Gagosian is pleased to announce The Domes, an exhibition of paintings by Y.Z. Kami, opening on June 28. The presentation brings together two bodies of work by the artist: a survey of Dome paintings made from 2011 to the present, and a group of new Messenger paintings. The exhibition marks a meaningful return to the West Coast for Kami—he spent his early years in Northern California after moving to the United States from Tehran in 1973, and Southern California has played host to a number of his institutional presentations, including a solo exhibition at the Los Angeles County Museum of Art nearly a decade ago.
The Dome paintings interpret architectural structures as painted form, their tessellated rectangles and squares arrayed in concentric rings of white, blue, black, or gold.
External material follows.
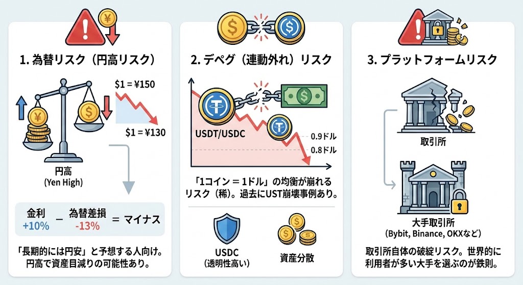 極めて稀ですが、発行会社の信用不安などにより「1コイン = 1ドル」の均衡が崩れ、0.9ドルや0.8ドルに暴落する可能性があります(過去にはUSTというコインが崩壊した事例があります)。 対策としては、USDTよりも透明性の高い「USDC」を選んだり、資産を分散させたりすることが重要です。
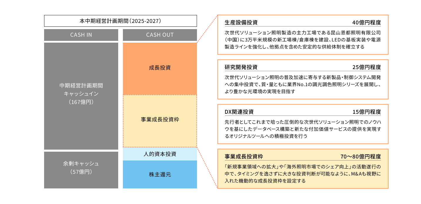 事業成長の根幹となる新たな照明ソリューションの創造を実現する人材・組織づくりの強化のための制度変更や積極投資を行う

In some works, Kami additionally creates radiant mosaiclike squares that converge at the compositions’ centers. Abstracting the experience of gazing up into luminous hemispheres, these paintings evoke the domes of temples, churches, and mosques—technical triumphs of construction that span enormous light-filled spaces to signify the heavens.
Eliminating spatial perspective, the Dome paintings function as mandalas, meditative designs that aspire to infinity. Additionally, their palettes correspond to the four stages of material and symbolic transmutation of elements in the tradition of alchemy. These works emerged from Kami’s consideration of sacred architecture in Untitled (Diptych) (1996), which was featured in the exhibition Architecture as Metaphor at the Museum of Modern Art, New York, in 1997. This pair of large-scale photographic prints mounted on canvas juxtaposes two Persian domes to form a spatial vortex. Kami developed the motif of concentric circles further with Rumi, The Book of Shams E Tabrizi (In Memory of Mahin Tajadod) (2005), a sculpture of soapstone blocks imprinted with verses by the Persian poet Rumi, and with his series of Endless Prayer collages and paintings (initiated in 2005).